We can even warn or error when an ambiguous route is being added to the tree: WARN: '/one/:three' is ambiguous since '/one/:two' is already a route.

Simple, fast, deterministic matching

Trees natively support $O(input)$ lookups where $input$ is the number of nested segments of the incoming path.
We would then do one tree lookup to match an incoming path to a route.

Note that this is indeed optimal because we are using input to represent the size of the input, not the number of nodes in the tree. So this would be $O(log(n))$ where $n$ is the number of nodes in the tree if the tree is balanced.

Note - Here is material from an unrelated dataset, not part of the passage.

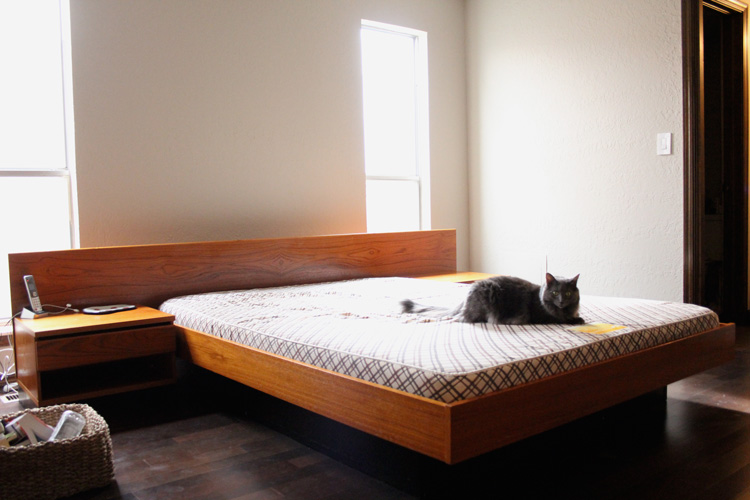 I was so excited to receive our first “real” bed this week from West Elm. Bye-bye steel frame, hello soft plush tuffted headboard and comfy colorful bedding. Our sweet puppy Cammie, a pit bull/boxer rescue, agreed, immediately showing her approval!

Mutually exclusive sibling branches?

One decision we'll have to make is if dynamic segments are automatically mutually exclusive of their sibling paths or not.
For example, if we have routes /one/two and /one/:param1/three, the tree would look like:

Can we tell at the /one node whether to go down the two branch or the :param1 branch?
If :param1 is modeled to be exclusive of its siblings (e.g. two), then yes!
We'd know to go down the two branch.
Then we'd conclude that there is no valid match for /one/two/three

If we don't assume mutual exclusivity of sibling branches, then we'd have to traverse both two and :param1.
Like before, the two branch would not yield a valid match, but in this case :param1 branch would yield a match for /one/:param1/three.¹

In this case, we could have gotten multiple valid matches if we replaced /one/two with /one/two/three.
For now, we can pick the "best" match out of these via the existing scoring of routes, though we can improve on this as well.

Changing routes at runtime

If we represent our routes as a tree, we'll be able to use standard tree algorithms to efficiently match paths to a route.
Additionally, tries support $O(input)$ insertions and deletions, so we can efficiently support route modifications at runtime if needed.

Longest common static prefix

By default, lookups in our route tree would prefer static paths over dynamic paths so that /one matches /one over /:param.
This mirrors the "longest common prefix" matching found in DNS and other routers.

However, if we decide not to make dynamic segments mutually exclusive of their siblings, then we'd need to still pick the "best" match from among the valid matches.

A simple method to extend "longest common prefix" is to prefer "longest common static prefix".

For example, consider these two routes:

/one/two/:foo
/one/:bar/three

Which one should /one/two/three match?
Because the longest common static prefix for each is:

/one/two/:foo -> /one/two
/one/:bar/three -> /one

So /one/two/:foo should be chosen.
Note that we are measuring "longest" in terms of number of segments, not characters.

For two matching routes with the same number of static segments, we keep going until a tie is broken where one route has a static segment and one route has a dynamic segment.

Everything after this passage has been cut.